▸ REQUIRED ACTION
Please return exactly the lines from the beginning of the listing up to and including the line with "ぽってりと丸みのあるフォルム", with no pictures.

▸ DATA BLOCK
Start of Block
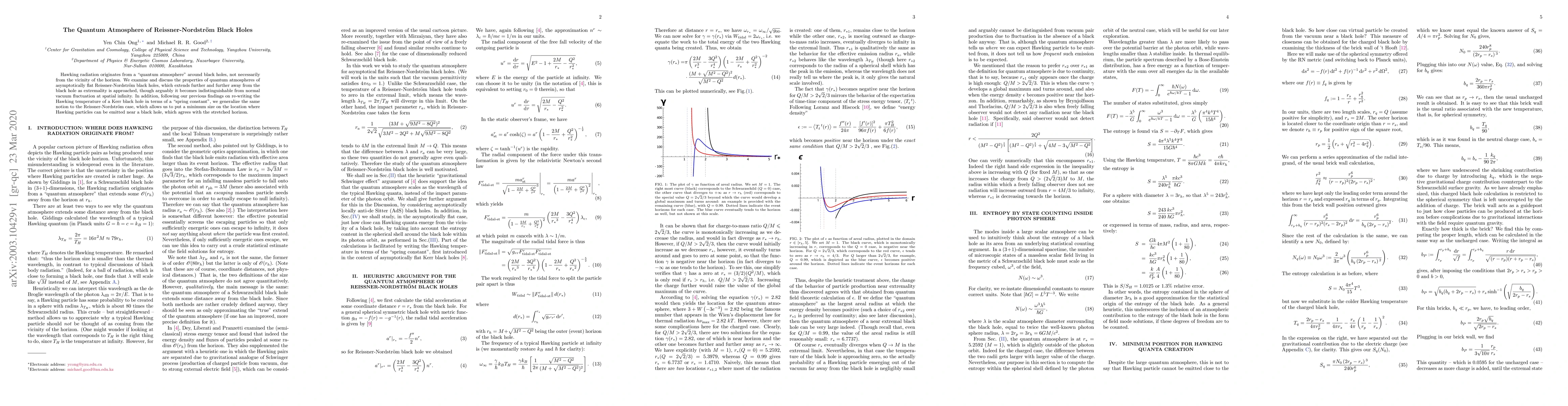 Hawking radiation originates from a "quantum atmosphere" around black holes, not necessarily from the vicinity of the horizon. We examine and discuss the properties of quantum atmospheres of asymptotically flat Reissner-Nordstr\"om black holes, which extends further and further away from the black hole as extremality is approached, though arguably it becomes indistinguishable from normal vacuum fluctuation at spatial infinity. In addition, following our previous findings on re-writing the Hawking temperature of a Kerr black hole in terms of a "spring constant", we generalize the same notion to the Reissner-Nordstr\"om case, which allows us to put a minimum size on the location where Hawking particles can be emitted near a black hole, which agrees with the stretched horizon.
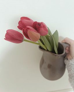 ぽってりと丸みのあるフォルムは、どこかアンティークのピッチャーのよう。お部屋に置くだけで素敵な雰囲気にしてくれます。持ち手があることで、水換えもしやすいデザイン。細部にこだわったそう。
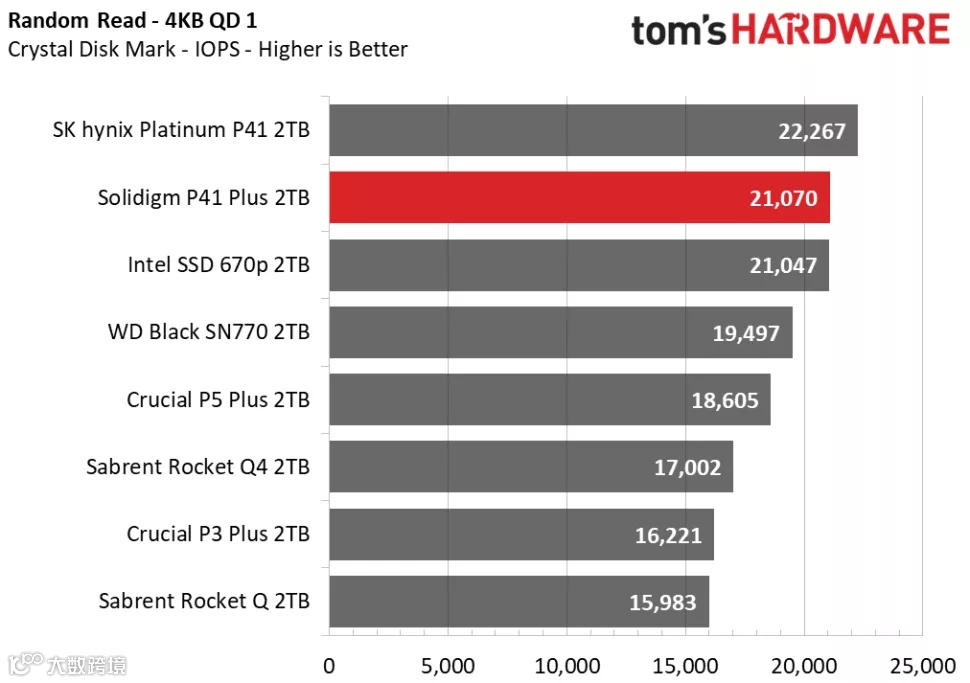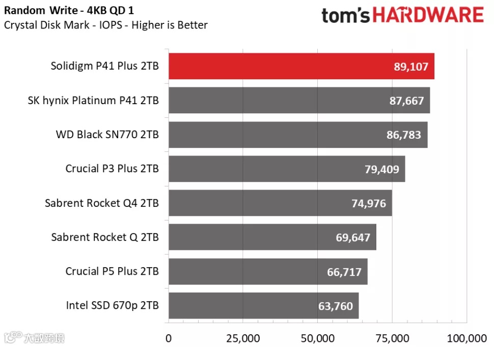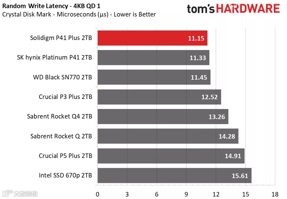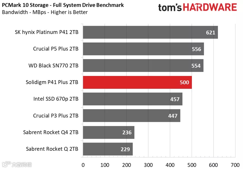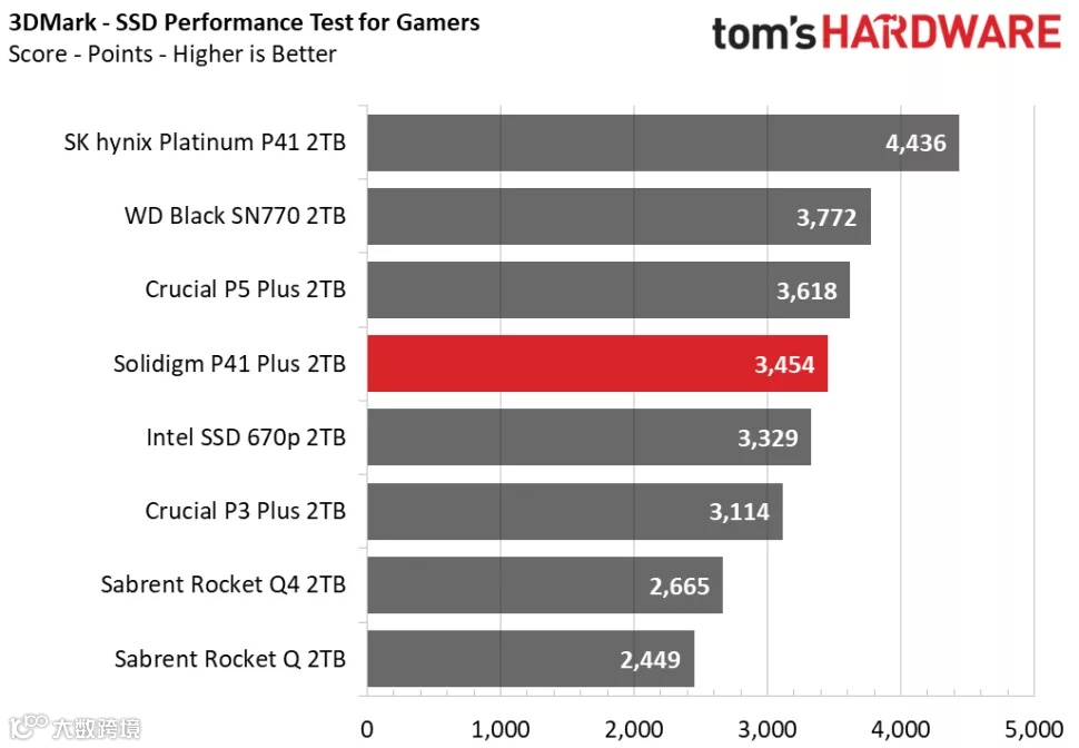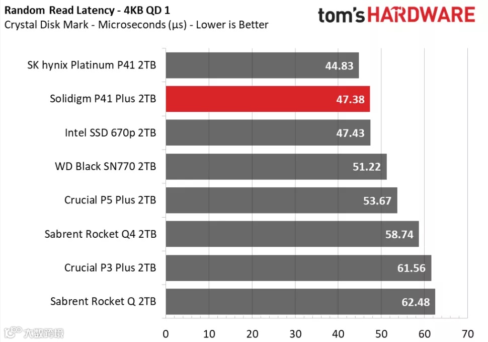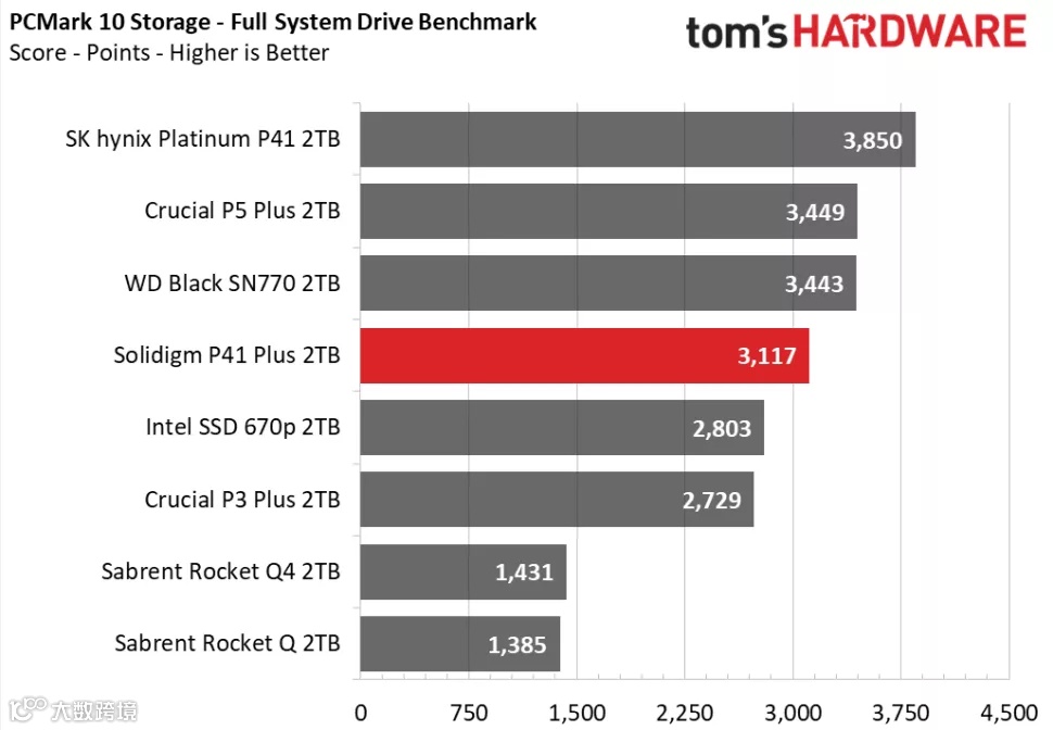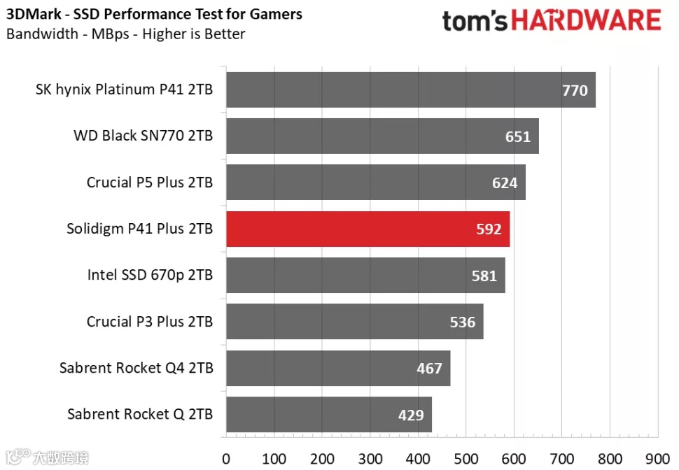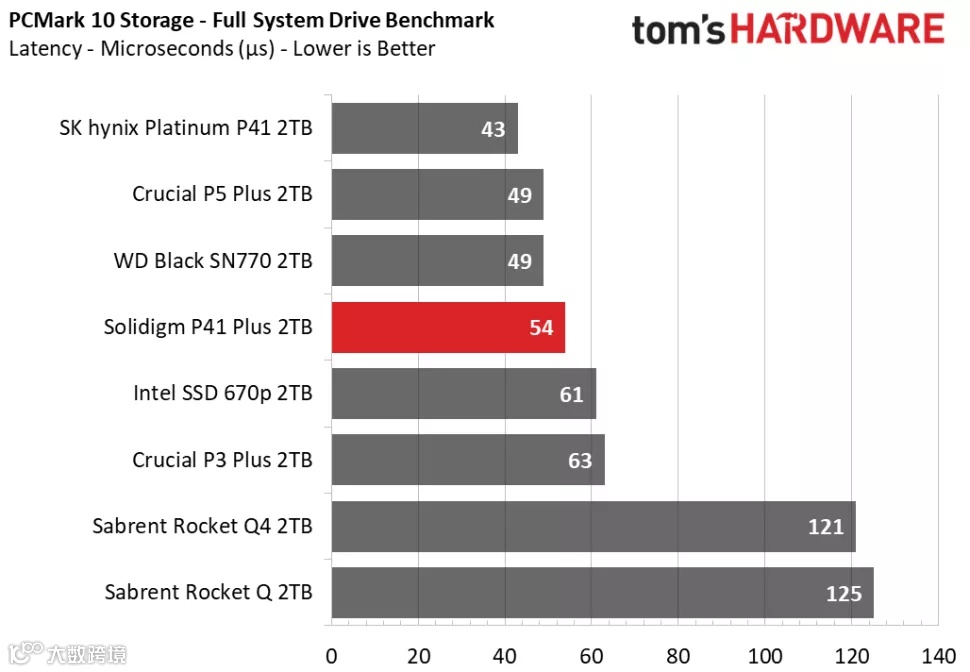 3DMark的存储基准测试是专为游戏玩家设计的,侧重于真实世界的游戏性能,测试包括加载游戏、保存进度、安装游戏文件和录制游戏视频流。在Tom's Hardware的3DMark存储测试中,P41 Plus在得分、带宽、延迟三项数据的排名中都处于中间位置,击败了其他QLC SSD,并且与其他DRAM-less设计的TLC SSD的性能十分接近。
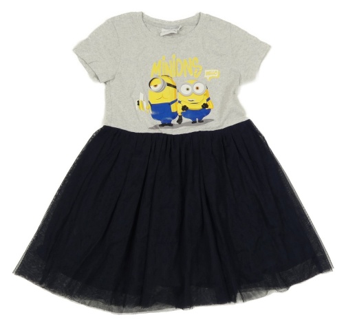 Šedo-tmavomodré bavlněno/tylové šaty s Mimoni
End of Block
▸ SOLVED EXERCISE
 Hawking radiation originates from a "quantum atmosphere" around black holes, not necessarily from the vicinity of the horizon. We examine and discuss the properties of quantum atmospheres of asymptotically flat Reissner-Nordstr\"om black holes, which extends further and further away from the black hole as extremality is approached, though arguably it becomes indistinguishable from normal vacuum fluctuation at spatial infinity. In addition, following our previous findings on re-writing the Hawking temperature of a Kerr black hole in terms of a "spring constant", we generalize the same notion to the Reissner-Nordstr\"om case, which allows us to put a minimum size on the location where Hawking particles can be emitted near a black hole, which agrees with the stretched horizon.
 ぽってりと丸みのあるフォルムは、どこかアンティークのピッチャーのよう。お部屋に置くだけで素敵な雰囲気にしてくれます。持ち手があることで、水換えもしやすいデザイン。細部にこだわったそう。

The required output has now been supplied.